Is there any way to minimize str()/unicode() objects memory usage [Python 2.6.4] ?

Fri Aug 6 21:39:27 EDT 2010

Steven, thank you for answering. See my comments inline. Perhaps I
should have formulated my question a bit differently: Are there any
*compact* high performance containers for unicode()/str() objects in
Python? By *compact* I don't mean compression. Just optimized for
memory usage, rather than performance.

What I'm really looking for is a dict() that maps short unicode
strings into tuples with integers. But just having a *compact* list
container for unicode strings would help a lot (because I could add a
__dict__ and go from it).

> Yes, lots of ways. For example, do you *need* large lists? Often a better
> design is to use generators and iterators to lazily generate data when
> you need it, rather than creating a large list all at once.

Yes. I do need to be able to process large data sets.
No, there is no way I can use an iterator or lazily generate data when
I need it.

> An optimization that sometimes may help is to intern strings, so that
> there's only a single copy of common strings rather than multiple copies
> of the same one.

Unfortunately strings are unique (think usernames on facebook or
wikipedia).

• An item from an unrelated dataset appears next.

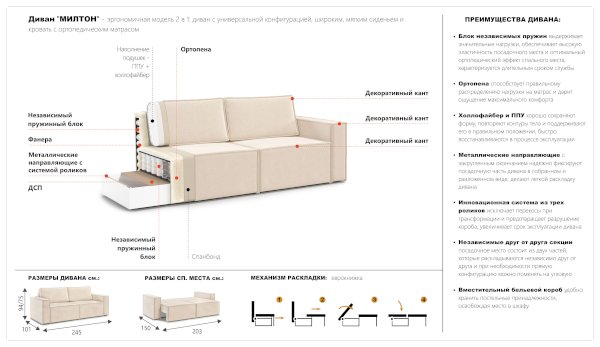 Диван Милтон (Империал) - за 60 776 руб. в Краснодаре. Купите на сайте mebelmarket-krasnodar.ru или по телефону 8(800)505-30-63 уже сегодня! Уточнить наличие, комплектацию, актуальную цену можно бесплатно у менеджера ежедневно. Закажите Диван Милтон (Империал) до конца акции! Доступна покупка в кредит, рассрочку. Доставим со склада или на заказ.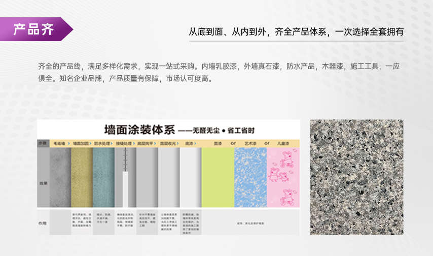 嘉麗士水漆作為美涂士旗下的高端水漆品牌始創(chuàng)于1997年,嘉麗士水漆 總部設(shè)于“涂料之鄉(xiāng) ”順德,亦于四川崇州、河南濮陽(yáng)等地建立智能化 生產(chǎn)基地,是一家專(zhuān)業(yè)從事內(nèi)外墻涂料、家具漆、工程漆、藝術(shù)漆、防 水輔材、膠黏劑、窗簾等墻面保...

And I can't afford storing them in db/memcached/redis/
etc... Too slow.

> Can you compress the data and use that? Without knowing what you are
> trying to do, and why, it's really difficult to advise a better way to do
> it (other than vague suggestions like "use generators instead of lists").

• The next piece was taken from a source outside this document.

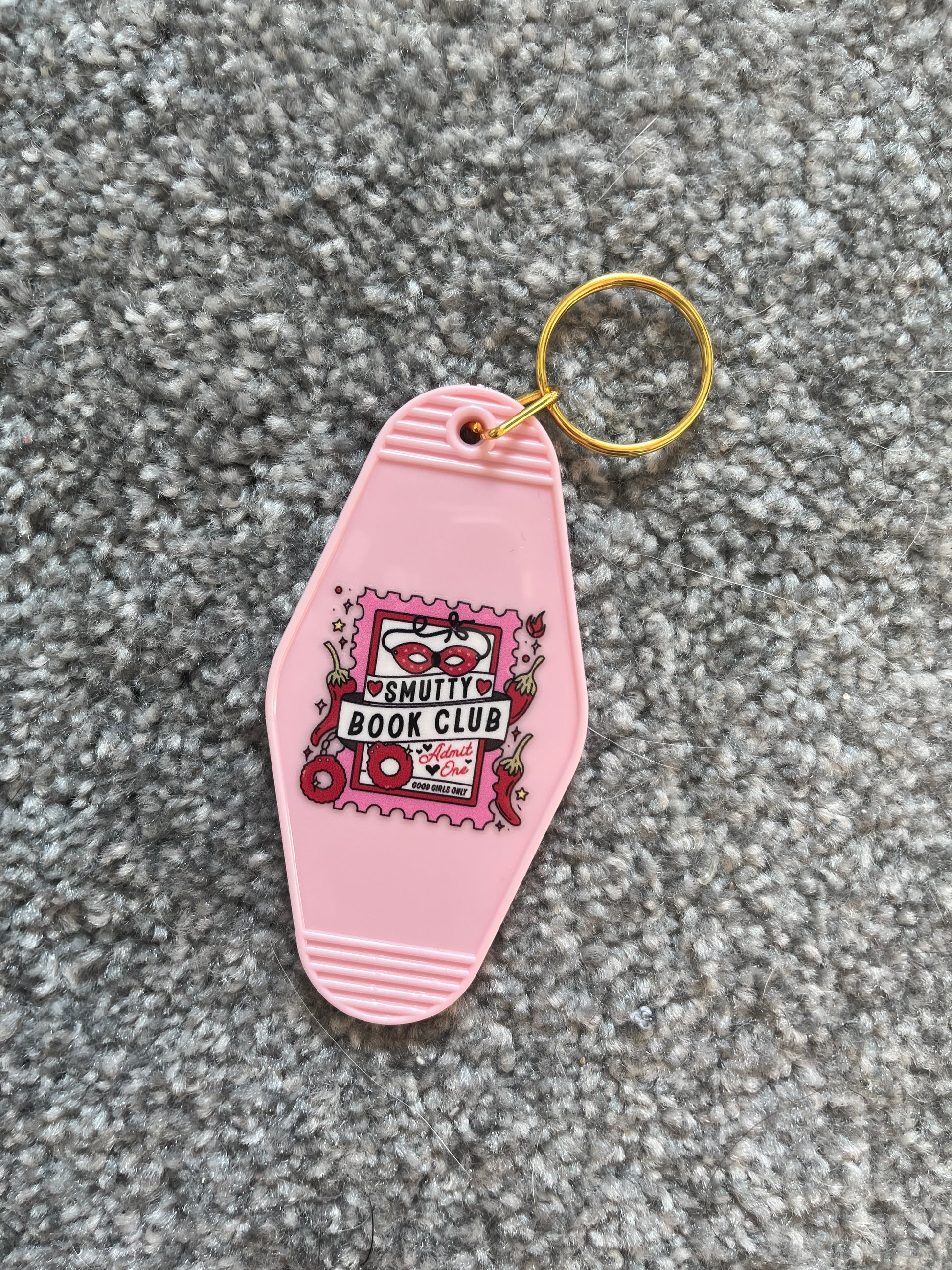 Join the sauciest reading group in town with our Smutty Book Club keyring! Keep your keys secure (and your love of romance novels public) with this playful pink keyring featuring eye-catching gold hardware.

Yes. I've tried. But I was unable to find a good, unobtrusive way to
do that. Every attempt either adds some unnecessary pesky code, or
slow, or something like that. See more at: http://bugs.python.org/issue9520

> Very often, it is cheaper and faster to just put more memory in the
> machine than to try optimizing memory use. Memory is cheap, your time and
> effort is not.

Well... I'd really prefer to use say 16 bytes for 10 chars strings and
fit data into 8Gb
Rather than paying extra $1k for 32Gb.

> > Well...  63 bytes per item for very short unicode strings... Is there
> > any way to do better than that? Perhaps some compact unicode objects?
>
> If you think that unicode objects are going to be *smaller* than byte
> strings, I think you're badly informed about the nature of unicode.

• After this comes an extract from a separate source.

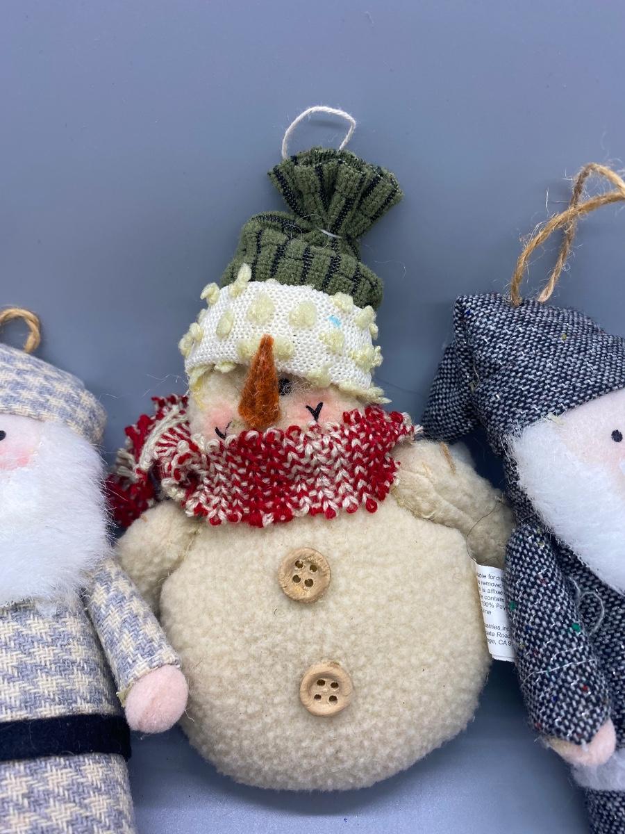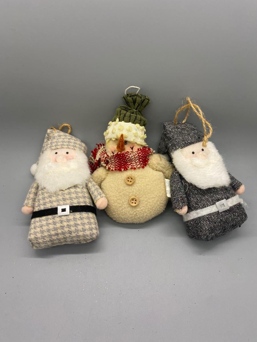 Set of 3 plush Christmas holiday ornaments. Good condition.

I don't think that that unicode objects are going to be *smaller*!
But AFAIK internally CPython uses UTF-8? No? And 63 bytes per item
seems a bit excessive.
My question was - is there any way to do better than that....

> Python is not a low-level language, and it trades off memory compactness
> for ease of use. Python strings are high-level rich objects, not merely a
> contiguous series of bytes. If all else fails, you might have to use
> something like the array module, or even implement your own data type in
> C.

Are there any *compact* high performance containers (with dict, list
interface) in Python?

-- Regards, Dmitry